И тогда как назвать человека, который бережно хранит в своей памяти драгоценные приметы дореволюционного быта? Например, в воспоминаниях о посещении храма в дни православных праздников: «Церковь – большая радость, особенно в детстве. Маленький, значит, держусь за юбку матери. Юбка под полушубком длинная, по полу шуршит. Мать ставит свечу к иконе, и юбка чуть приподнимается, а с ней – моя с варежкой рука. Берет меня осторожно, подносит к иконе. Поясницей чувствую ее ладони, а мои валенки и варежки свободно перемещаются в воздухе, и я как бы парю в направлении иконы. Подо мною десятки свечей – праздничные, колеблются, – я смотрю на них и не могу отвести от этой яркости взгляда. Потрескивают, воск с них стекает, застывая тут же причудливыми сталактитами. Навстречу мне, распахнув руки, Матерь Божья, и целую Ее в руку неловко, потому что полет мой не мной управляем, и, поцеловав, прикасаюсь, как положено, лбом. На мгновение чувствую прохладу Ее руки» [Водолазкин 2016, с. 21].
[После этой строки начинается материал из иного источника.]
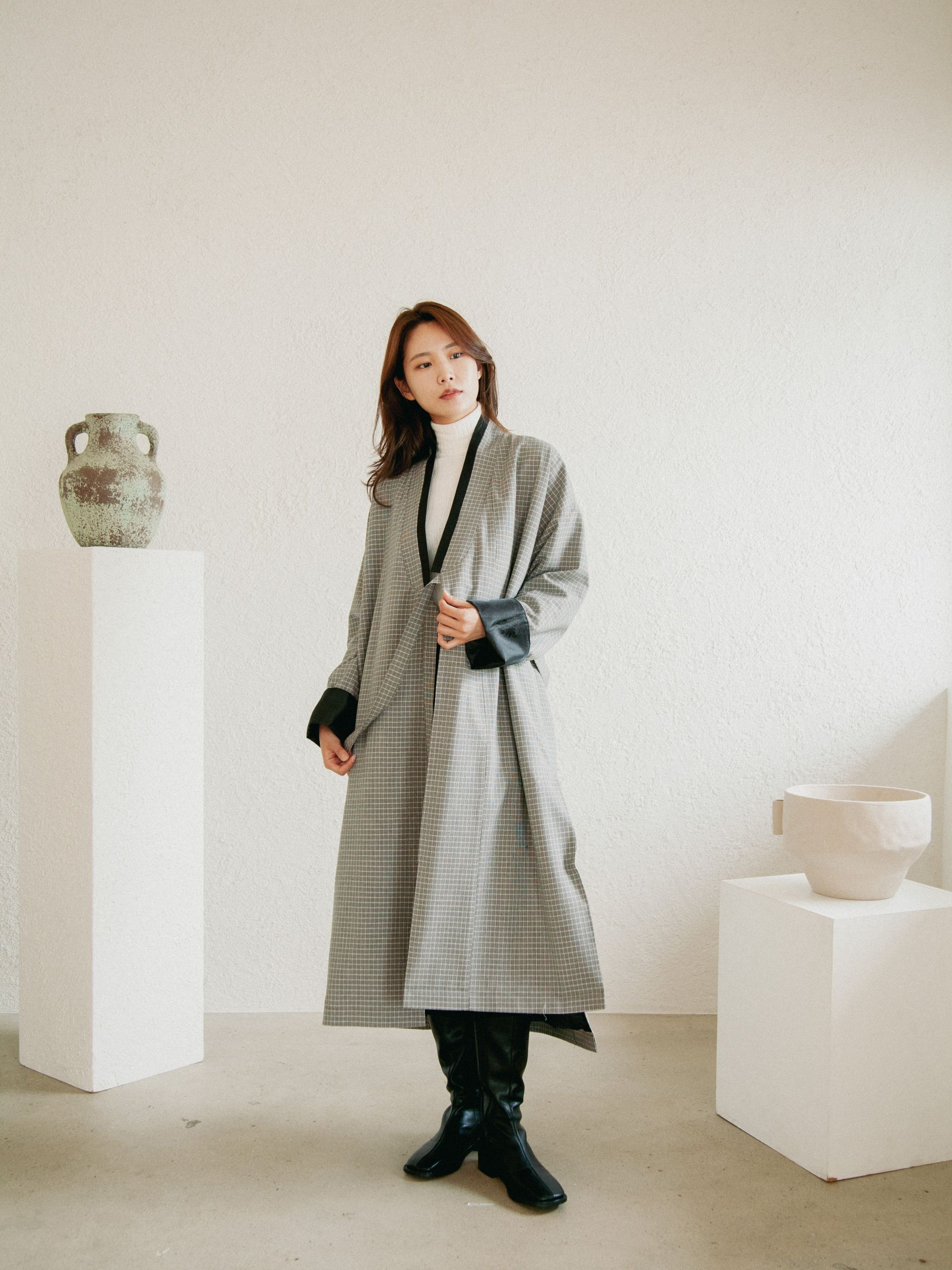 창옷과 두루마기의 멋스러운 형태를 재구성하고, 한복지를 사용한 안감으로 포인트를 준 간절기 코트 입니다.

Или о морских раритетах, хранящихся на крымской даче друга семьи: «Дача профессора Гиацинтова. Даже в крымскую жару она сохраняла прохладу. Идя с пляжа, я предвкушал, как окунусь в полумрак дачи, и он остудит мое раскаленное тело. Прохлада этого дома не была связана со свежестью. Скорей – с упоительной затхлостью, соединяющих в себе аромат старых книг и многочисленных океанских трофеев, непонятно как доставшихся профессору-юристу. Распространяя солоноватый запах на полках лежали засушенные морские звезды, перламутровые раковины, гигантский панцирь черепахи (он был прикреплен к поперечной стойке), меч рыбы-меч, игла рыбы-иглы, пробковый колониальный шлем и резные маски туземцев» [Там же, с. 144].
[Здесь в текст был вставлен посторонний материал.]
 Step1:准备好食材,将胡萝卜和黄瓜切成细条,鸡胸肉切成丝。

Либо в описании нежданной встречи с любимой книгой детства, той самой – с ятями и ерами: «Гейгер принес мне „Робинзона Крузо“. Не в новом издании с упрощенной орфографией, а в дореволюционном: год 1906-й. Именно эту книгу я в детстве и читал – знал он об этом, что ли? Я бы узнал ее с закрытыми глазами – на ощупь, по весу… В моих ноздрях навеки остался аромат типографской краски, исходивший от глянцевых листов этой книги. Он был ароматом странствий. Шелест этих листов был шелестом островных листьев, защищавших Робинзона от солнца, – огромных, ярко-зеленых, едва колышущихся. С хрустальными каплями по утрам. С каждой строчкой воскресало всё, что сопровождало ее в моем ушедшем времени, – кашель бабушки, звон упавшего на кухне ножа и (оттуда же) запах жареного, дым отцовской папиросы» [Там же, с. 34].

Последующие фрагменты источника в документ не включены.